Descodificar os códigos, traduzi-los, inventá-los. Criar uma nova linguagem. Resignificar os sinais. Mesmo que os sinais mudem, as mensagens continuam as mesmas? O que resta depois de tudo? O que permanece para sempre?

Se há um material que parece frágil e efémero, é a porcelana. Dúctil e indelével, quase tão antiga quanto a humanidade. Na China, já se trabalhava com ela em 1700 a.C., coincidindo com a invenção da música ou da arte, fazendo parte da nossa história como espécie. Ela conta a nossa história.

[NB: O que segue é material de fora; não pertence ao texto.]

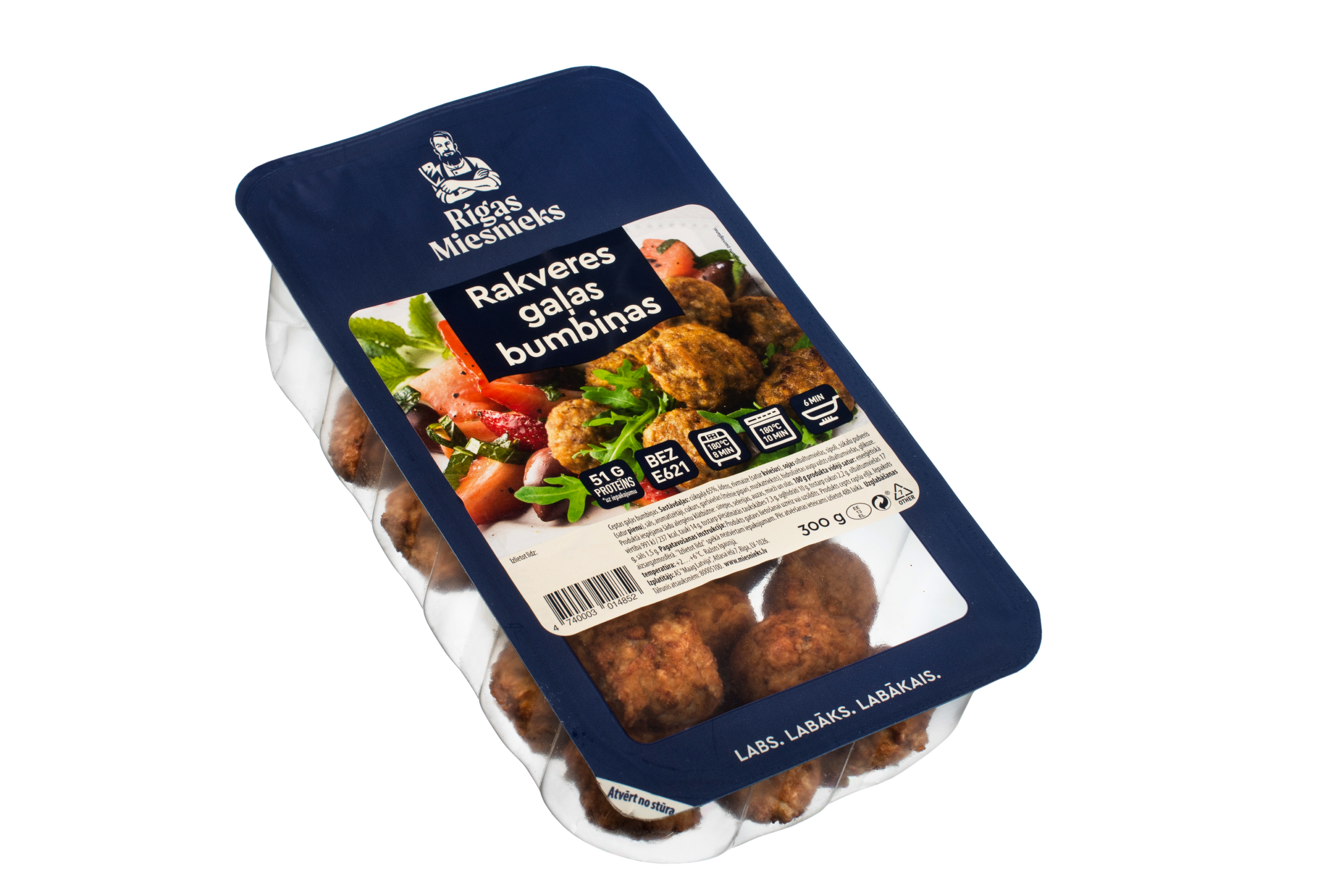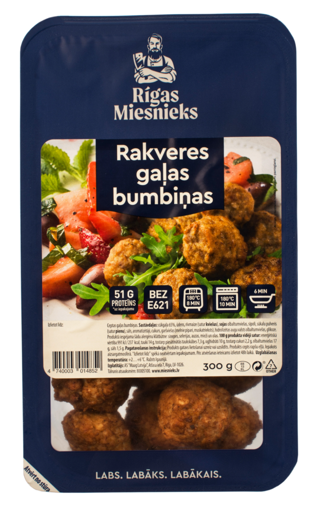 cūkgaļa 65%, ūdens, rīvmaize (satur KVIEŠUS), SOJAS olbaltumvielas, sīpoli, sūkalu pulveris (satur PIENU), sāls, aromatizētāji, cukurs, garšvielas (melnie pipari, muskatrieksts), hidrolizētas augu valsts olbaltumvielas, glikoze.

O momento em que a China começa a usar o azul cobalto, como fez Barreiro nestas peças, coincide com o estabelecimento de um proto-capitalismo e, com ele, as exportações a nível mundial. No século XIV, marca a dinastia Ming e a conquista do mundo. A Europa copia este processo, deixa-se colonizar pelas formas para as tornar suas, uma transculturação que deriva em identidade. O azul sobre branco torna-se um gosto europeu das massas, importado pelos fabulosos navegadores portugueses. Eles apropriam-se desses códigos, declinando-os através do azulejo. Abraçam-no como algo próprio. O símbolo muda, mas o código não.

A cópia, a mimese, a repetição são a essência da nossa cultura, apesar de o Ocidente procurar a utopia da peça «única e original», a China agarra-se ao mutável e ao processo de deriva, fá-lo através do shanzai: adaptar o copiado até se tornar outra coisa. Barreiro desconstrói este quadro ontológico, invertendo-o: a cópia, a peça em série, que pode ser repetida infinitas vezes, torna-se obra de arte. Pega na sinalética do trânsito — setas, triângulos, anéis de obrigação, diagonais de alerta — e enxerta-a em placas e volumes trabalhados em pasta branca. O óxido de cobalto — cor histórica de Portugal, dos azulejos e de Vista Alegre — aparece em degradés que emergem do relevo: espigas, estrias e malhas que capturam o pigmento.

Qué fica?, o título desta exposição, alude ao transcendental a partir do quotidiano e questiona a essência do mundo. Heráclito e Byung-Chul Han, no final, não estão assim tão distantes um do outro. Os seus caminhos conduzem a lugares comuns, cosmografias irmãs, essências que permanecem na mudança.

Pablo Barreiro (Meaño, Pontevedra, 1982) é um dos artistas-chave na nova produção e experimentação da cerâmica na sua narrativa contemporânea. Explora a serialidade, a repetição e a relação entre original e cópia na arte, dotando-a de um discurso antropológico e transcendental.